--- YOUR ASSIGNMENT ---
The required output is the exact sequence of lines from the line holding "Linda opção de" to the end of the records, inclusive.

--- EXTRACTED RECORDS ---

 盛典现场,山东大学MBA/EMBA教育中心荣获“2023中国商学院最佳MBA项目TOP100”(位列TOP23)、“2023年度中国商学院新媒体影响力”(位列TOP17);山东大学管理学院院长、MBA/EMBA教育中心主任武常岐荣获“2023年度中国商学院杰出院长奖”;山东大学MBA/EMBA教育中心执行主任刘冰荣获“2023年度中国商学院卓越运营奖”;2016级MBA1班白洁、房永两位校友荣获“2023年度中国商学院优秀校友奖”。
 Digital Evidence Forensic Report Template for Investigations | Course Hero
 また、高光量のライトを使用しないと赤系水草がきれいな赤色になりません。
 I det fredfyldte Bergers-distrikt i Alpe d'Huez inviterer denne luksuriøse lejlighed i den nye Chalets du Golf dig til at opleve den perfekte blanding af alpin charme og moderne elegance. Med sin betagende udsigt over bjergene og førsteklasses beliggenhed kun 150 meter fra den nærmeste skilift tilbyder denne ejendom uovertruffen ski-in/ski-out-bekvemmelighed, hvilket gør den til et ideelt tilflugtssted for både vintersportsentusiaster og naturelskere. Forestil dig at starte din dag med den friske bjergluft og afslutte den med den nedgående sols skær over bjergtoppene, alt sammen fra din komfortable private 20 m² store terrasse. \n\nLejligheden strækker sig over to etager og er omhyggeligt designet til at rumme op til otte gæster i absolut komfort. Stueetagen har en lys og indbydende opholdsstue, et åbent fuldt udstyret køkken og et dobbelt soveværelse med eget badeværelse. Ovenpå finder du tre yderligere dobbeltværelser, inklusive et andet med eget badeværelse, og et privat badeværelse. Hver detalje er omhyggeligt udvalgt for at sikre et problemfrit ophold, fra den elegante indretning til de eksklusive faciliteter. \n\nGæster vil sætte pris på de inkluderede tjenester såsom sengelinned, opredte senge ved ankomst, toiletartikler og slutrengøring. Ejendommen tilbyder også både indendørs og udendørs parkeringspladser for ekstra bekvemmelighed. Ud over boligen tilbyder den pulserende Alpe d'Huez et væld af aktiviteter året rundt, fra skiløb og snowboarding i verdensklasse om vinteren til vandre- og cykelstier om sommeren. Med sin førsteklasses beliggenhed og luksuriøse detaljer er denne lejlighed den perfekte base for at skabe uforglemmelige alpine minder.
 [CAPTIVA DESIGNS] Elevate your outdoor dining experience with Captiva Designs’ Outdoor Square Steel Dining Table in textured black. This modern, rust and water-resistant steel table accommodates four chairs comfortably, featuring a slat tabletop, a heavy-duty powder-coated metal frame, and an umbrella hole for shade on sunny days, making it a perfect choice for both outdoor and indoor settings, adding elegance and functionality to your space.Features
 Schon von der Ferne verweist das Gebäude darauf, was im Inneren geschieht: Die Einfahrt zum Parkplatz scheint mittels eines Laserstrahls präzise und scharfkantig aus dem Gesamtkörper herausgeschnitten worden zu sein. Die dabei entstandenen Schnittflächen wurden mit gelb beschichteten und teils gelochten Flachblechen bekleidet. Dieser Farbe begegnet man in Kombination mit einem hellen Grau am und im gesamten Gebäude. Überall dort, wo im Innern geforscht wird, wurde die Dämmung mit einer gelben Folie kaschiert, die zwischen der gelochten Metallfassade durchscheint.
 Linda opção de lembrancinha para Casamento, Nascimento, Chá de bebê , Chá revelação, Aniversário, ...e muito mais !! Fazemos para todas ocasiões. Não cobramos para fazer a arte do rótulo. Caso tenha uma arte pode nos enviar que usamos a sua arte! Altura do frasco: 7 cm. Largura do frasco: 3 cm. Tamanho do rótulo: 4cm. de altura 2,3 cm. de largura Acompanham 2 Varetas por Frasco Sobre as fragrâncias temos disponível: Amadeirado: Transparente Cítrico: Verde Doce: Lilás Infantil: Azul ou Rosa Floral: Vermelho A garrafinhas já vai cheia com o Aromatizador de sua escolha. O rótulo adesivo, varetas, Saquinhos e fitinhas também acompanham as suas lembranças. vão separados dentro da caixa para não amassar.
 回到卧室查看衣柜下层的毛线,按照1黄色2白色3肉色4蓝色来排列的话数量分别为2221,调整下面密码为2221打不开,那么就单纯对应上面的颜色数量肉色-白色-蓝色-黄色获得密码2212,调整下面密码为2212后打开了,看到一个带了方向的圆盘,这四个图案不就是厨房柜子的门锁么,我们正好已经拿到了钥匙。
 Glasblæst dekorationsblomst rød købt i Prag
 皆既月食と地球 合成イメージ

--- EXERCISE OUTPUT ---
 Linda opção de lembrancinha para Casamento, Nascimento, Chá de bebê , Chá revelação, Aniversário, ...e muito mais !! Fazemos para todas ocasiões. Não cobramos para fazer a arte do rótulo. Caso tenha uma arte pode nos enviar que usamos a sua arte! Altura do frasco: 7 cm. Largura do frasco: 3 cm. Tamanho do rótulo: 4cm. de altura 2,3 cm. de largura Acompanham 2 Varetas por Frasco Sobre as fragrâncias temos disponível: Amadeirado: Transparente Cítrico: Verde Doce: Lilás Infantil: Azul ou Rosa Floral: Vermelho A garrafinhas já vai cheia com o Aromatizador de sua escolha. O rótulo adesivo, varetas, Saquinhos e fitinhas também acompanham as suas lembranças. vão separados dentro da caixa para não amassar.
 回到卧室查看衣柜下层的毛线,按照1黄色2白色3肉色4蓝色来排列的话数量分别为2221,调整下面密码为2221打不开,那么就单纯对应上面的颜色数量肉色-白色-蓝色-黄色获得密码2212,调整下面密码为2212后打开了,看到一个带了方向的圆盘,这四个图案不就是厨房柜子的门锁么,我们正好已经拿到了钥匙。
 Glasblæst dekorationsblomst rød købt i Prag
 皆既月食と地球 合成イメージ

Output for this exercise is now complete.